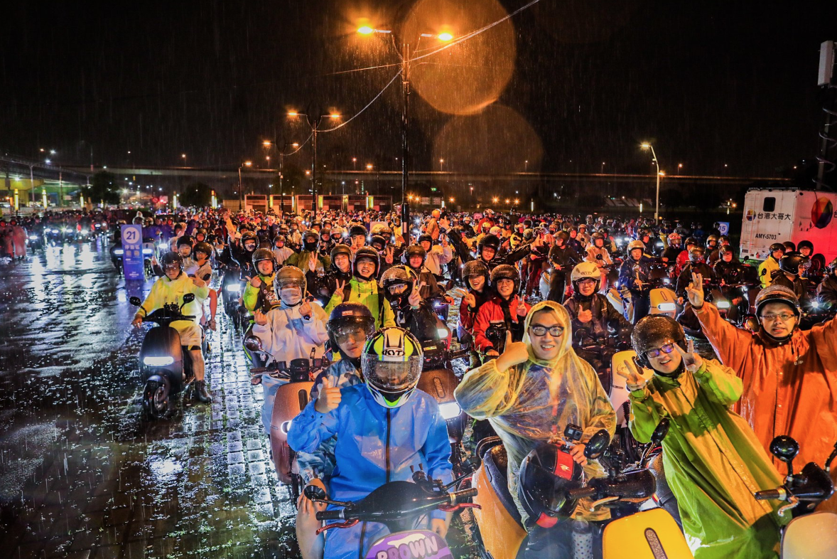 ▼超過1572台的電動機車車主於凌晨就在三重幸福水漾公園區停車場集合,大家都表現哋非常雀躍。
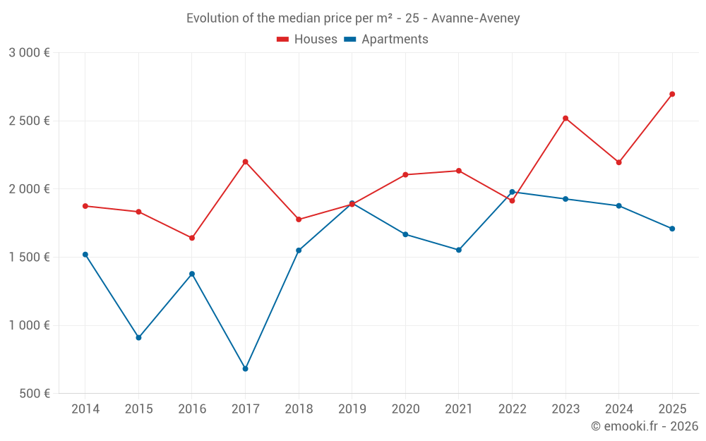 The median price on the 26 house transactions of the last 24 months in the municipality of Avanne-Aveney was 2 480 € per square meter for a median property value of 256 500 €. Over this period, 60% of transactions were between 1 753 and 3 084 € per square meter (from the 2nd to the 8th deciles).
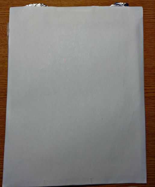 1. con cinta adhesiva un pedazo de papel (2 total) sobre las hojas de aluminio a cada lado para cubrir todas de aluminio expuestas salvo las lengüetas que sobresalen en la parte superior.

---

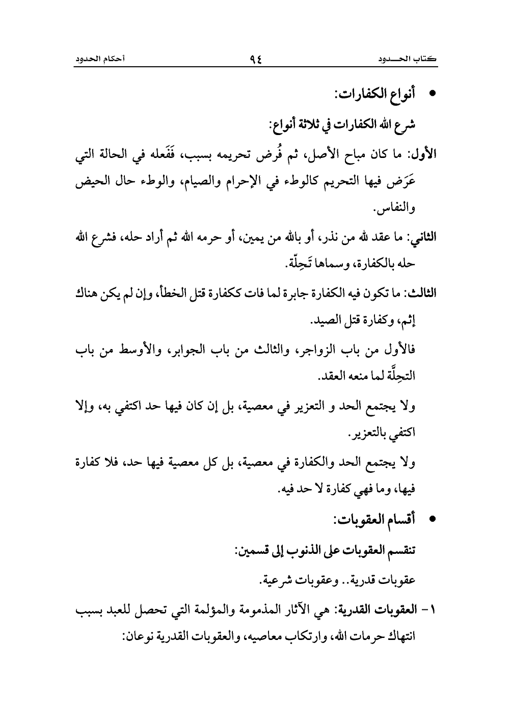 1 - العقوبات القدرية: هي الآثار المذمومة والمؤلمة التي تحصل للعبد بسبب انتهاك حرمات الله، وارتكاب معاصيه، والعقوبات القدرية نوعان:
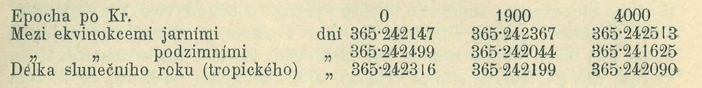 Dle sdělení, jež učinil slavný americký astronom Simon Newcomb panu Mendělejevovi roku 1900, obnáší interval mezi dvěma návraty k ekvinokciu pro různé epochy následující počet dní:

--

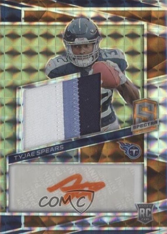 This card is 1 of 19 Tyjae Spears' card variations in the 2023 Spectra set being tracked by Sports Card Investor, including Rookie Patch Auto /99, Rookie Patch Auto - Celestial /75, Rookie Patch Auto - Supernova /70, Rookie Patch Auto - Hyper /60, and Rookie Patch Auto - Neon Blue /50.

What to produce =
Look above for the line with "1 - العقوبات", then give again exactly every line from there through the line with "Dle sdělení, jež", skipping the pictures.

Exercise answer =
 1 - العقوبات القدرية: هي الآثار المذمومة والمؤلمة التي تحصل للعبد بسبب انتهاك حرمات الله، وارتكاب معاصيه، والعقوبات القدرية نوعان:
 Dle sdělení, jež učinil slavný americký astronom Simon Newcomb panu Mendělejevovi roku 1900, obnáší interval mezi dvěma návraty k ekvinokciu pro různé epochy následující počet dní:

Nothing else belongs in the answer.